The companies tested two models: One based on AutoML Tables and one that was custom-developed for this project. The former won out with “a precision of 98% with a recall of 35% compared to precision of 70-80% and recall of 20-25% from [the] custom ML model,” (which also means the experiment served the dual purpose of demonstrating the benefits of using AutoML instead of a custom solution).
Google Cloud said that it plans “to expand the system to support all Seagate drives—and we can’t wait to see how this will benefit our OEMs and our customers!“ More information about the project is available via the company’s blog post.
I presume they empty the bad drive first so that when repairs are complete, it's blank, and does not contain old data that might cause Google's overall storage to have old, out-of-date stuff.

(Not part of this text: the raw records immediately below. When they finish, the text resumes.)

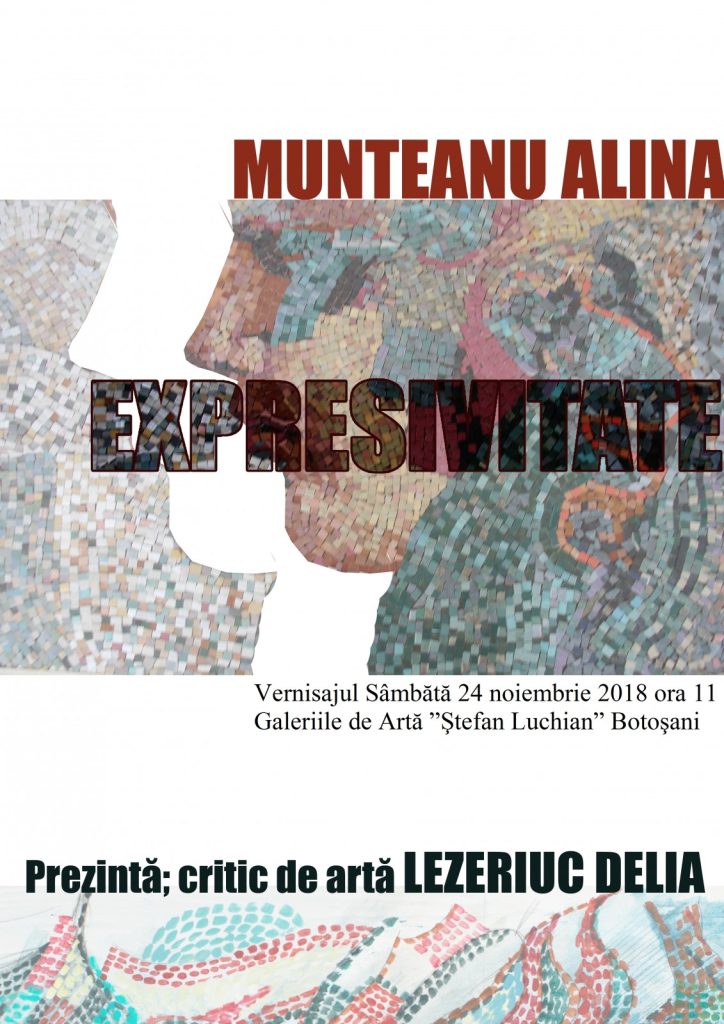 Muzeul Judeţean Botoşani vă invită în perioada 24 noiembrie – 6 decembrie 2018, în spaţiul Galeriilor de Artă ,,Ştefan Luchian” Botoşani, să vizitați expoziția personală ,,EXPRESIVITATE” (pictură), cu lucrări semnate de artistul plastic Alina Munteanu.
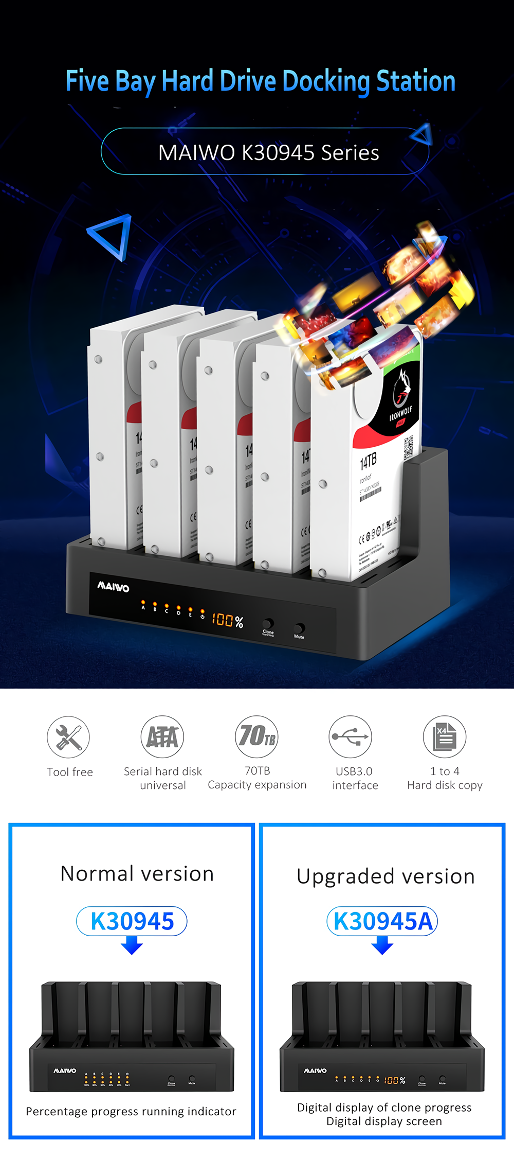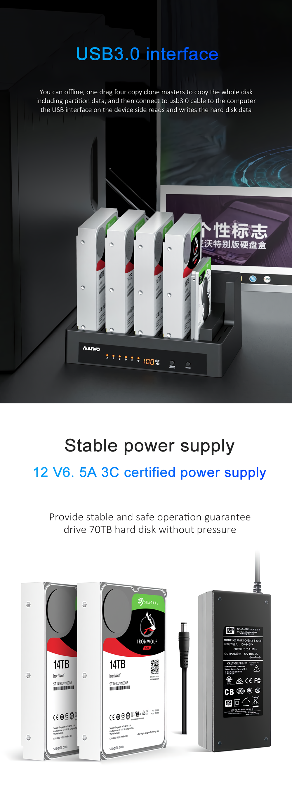 The cloning mode of the product is one drive four clone hard disk, which can copy hard disk partition, hard disk with system and audio-visual office files.
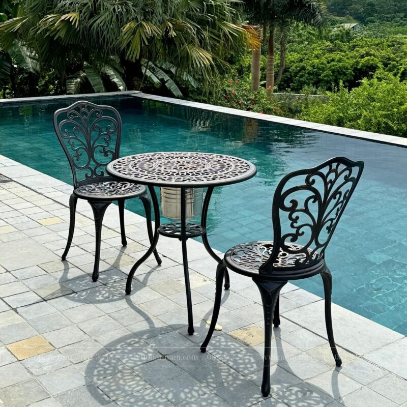 Bộ bàn ghế này còn được phủ một lớp sơn tĩnh điện chống xước cao cấp, giúp tăng thêm vẻ đẹp cho sản phẩm và đảm bảo bề mặt luôn sáng bóng như mới. Đặc biệt, chất liệu nhôm nhẹ nhưng cực kỳ chắc chắn giúp sản phẩm dễ dàng di chuyển nhưng vẫn đảm bảo độ bền vững khi sử dụng.
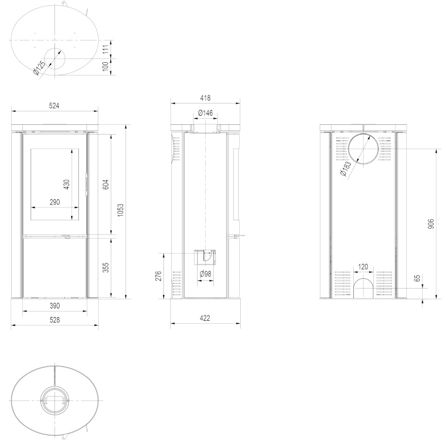 Możliwość zastosowania w różnych warunkach montażowych, dzięki regulowanemu wylotowi spalin: z tyłu lub na górze pieca (przy montażu wylotu z tyłu pieca wymagany jest zakup zaślepki płyty górnej).
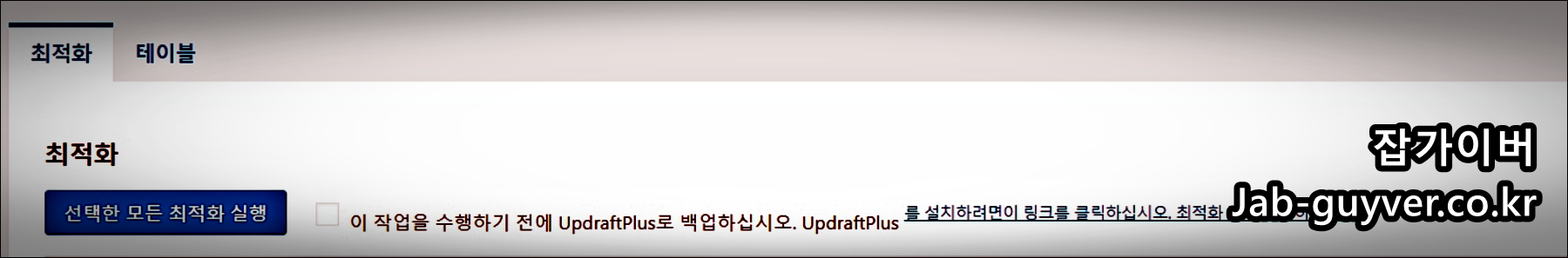 Q. WP-Optimize 최적화 실행 전 백업은 어떻게 하나요?
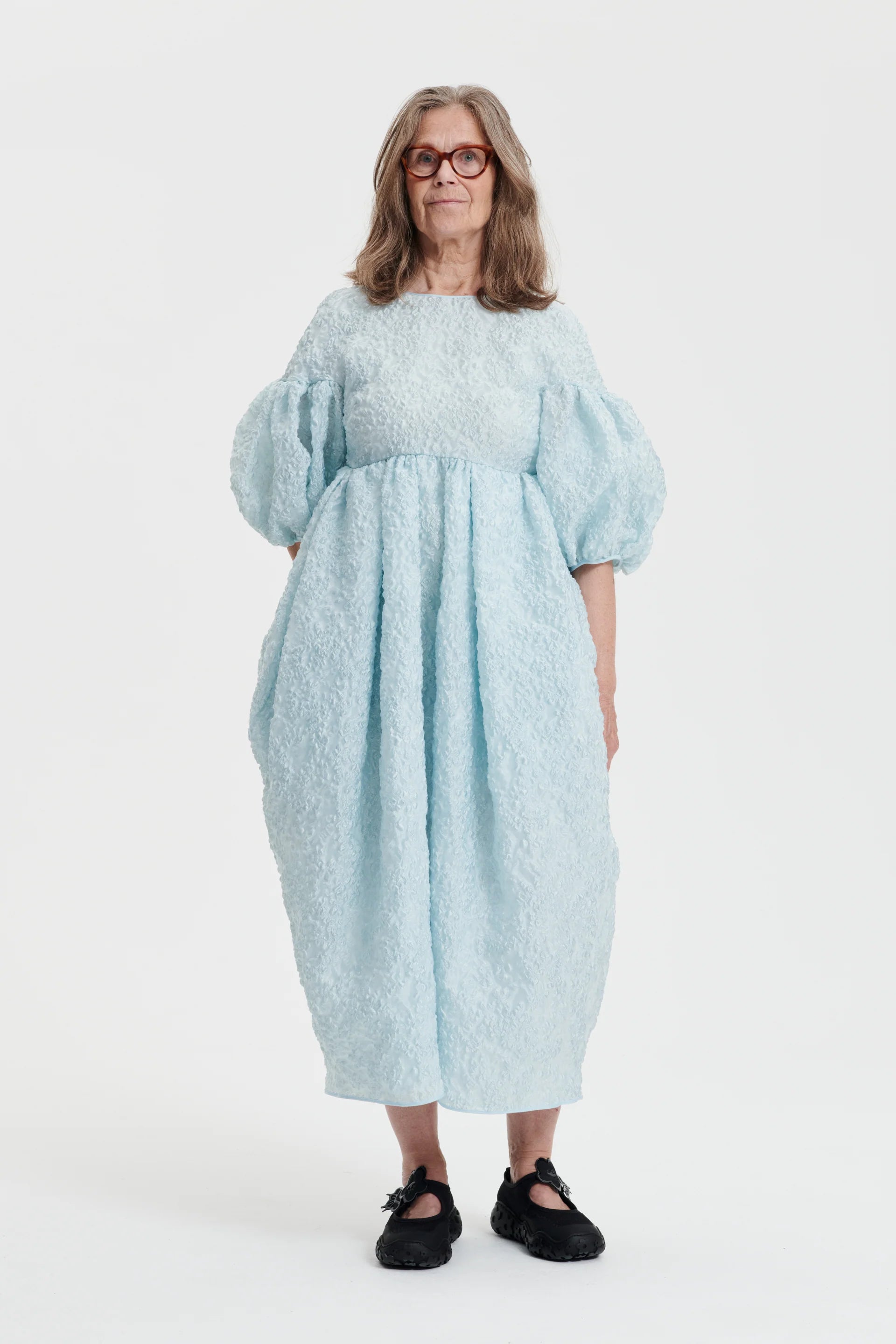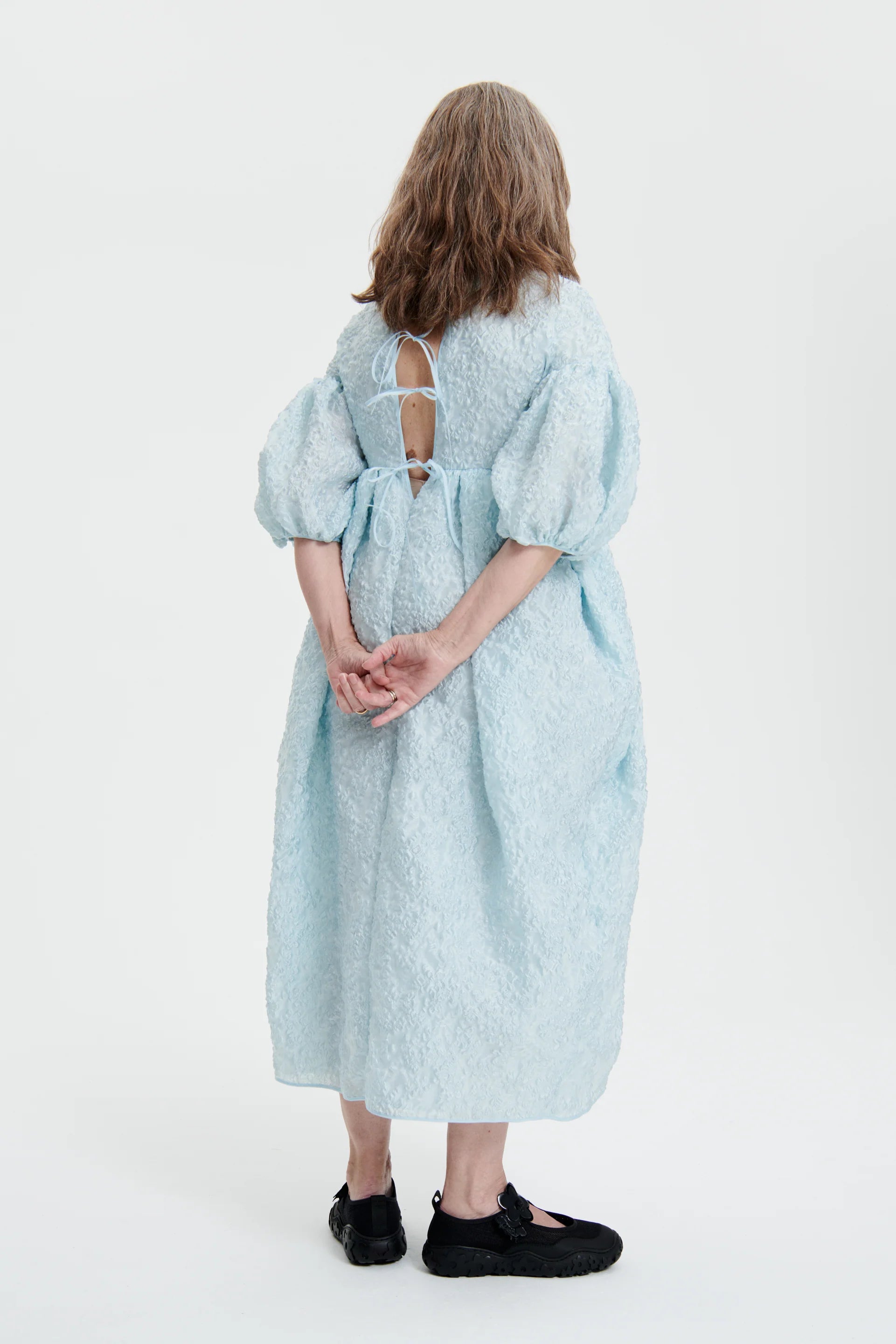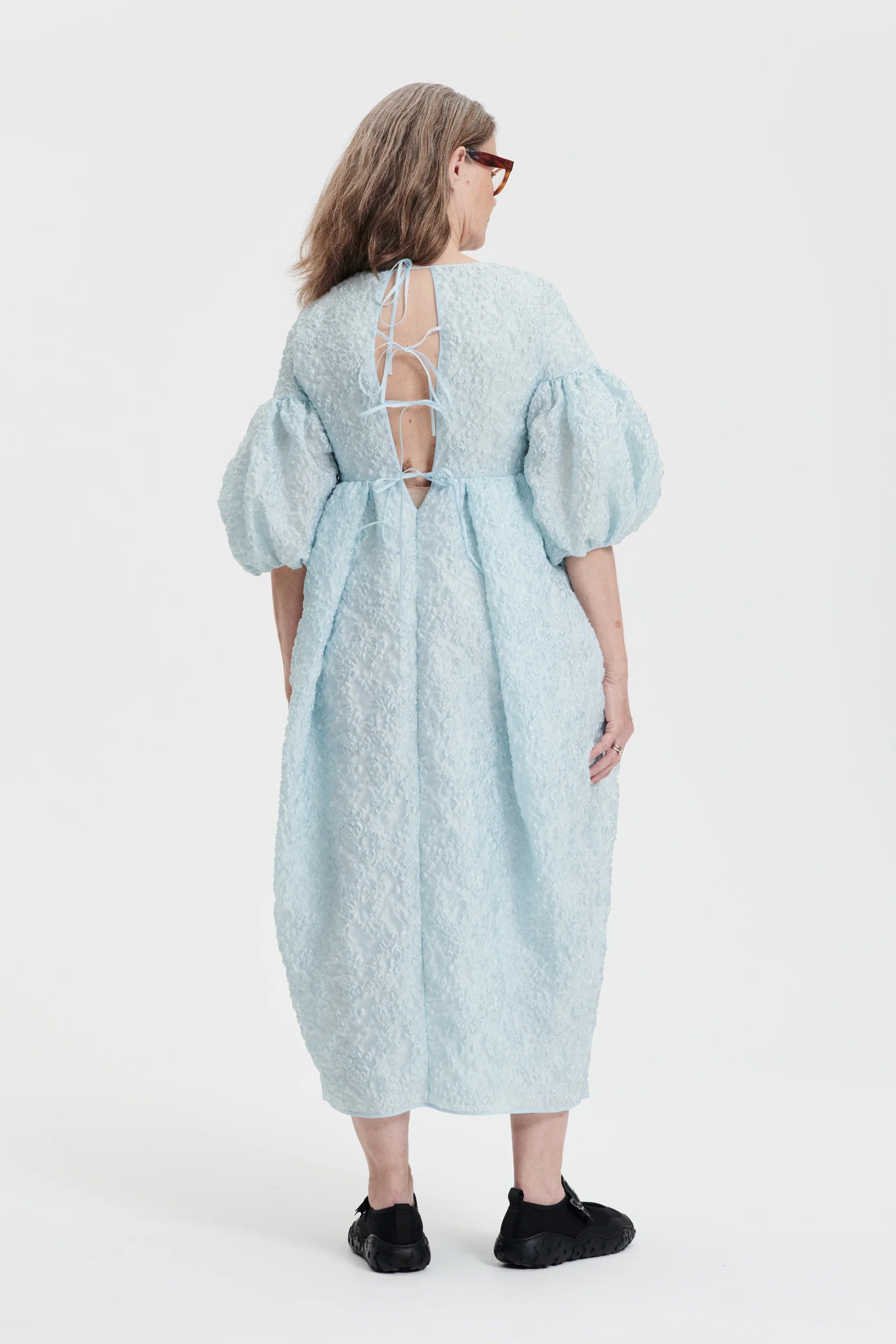 The ultra-feminine Jeanne dress is crafted in an ethereal grasmere matelassÈ. The lightweight yet elegant silhouette features a voluminous floating length. bracelet sleeves. and a tulip skirt enclosed with delicate bow ties down the back.

So they fix the drive without worrying about the data contents, as if reformatting blank, not recovering any data from it.
Why drain it of all data if data is redundant anyway, does Google really have some data in only one place, on only one drive, ever?
And why not simply swap a new drive for an old drive, and service the old drive off-line, for reuse later if appropriate, with no interruption of service while testing, are the hard drives hard-wired soldered into place inside Google servers?